75L stainless steel container was charged with 3 atm of hydrogen gas and 4 atm of oxygen gas. a spark ignited the misture, producing water. what is the pressure of the tank at 25C? at 125C?
The 3 atm (partial pressure) of H2 will combine with 1.5 atm (partial pressure) of O2 to produce 3 atm (partial pressure) of H2O, with 2.5 atm (partial pressure) of O2 left over. Thus 7 atm of reactants produces 5.5 atm of products + unreacted O2.
I am assuming that the inital and final temperatures are what you have specified. This means that the heat of reaction will have been transfered out, as would be the case with a calorimeter. In that situation, with constant T and volume, the final pressure is proportional to the number of moles present, and that factor is 5.5/7 = 0.7857, at both temperatures.

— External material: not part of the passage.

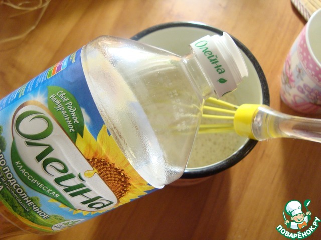 Делаем тесто для блинов. Соединяем все ингредиенты, добавляем масло подсолнечное и постоянно помешивая венчиком, наливаем в тесто кипяток. Тесто жидкое для тонких блинов.

I made a mistake in my previous answer by not considering the condensation of H2O. At 25C, almost all of the H20 produced will be in liquid form, so the actual pressure of the gas after cooling down the reaction products to 25 C will be 2.5/7 = 35.7% of the initial pressure. At 125 C, most (but not all) of the H2O produced by combustion will be in gaseous form. You will have to make use of data on the saturation pressure of H2O to get exact answers.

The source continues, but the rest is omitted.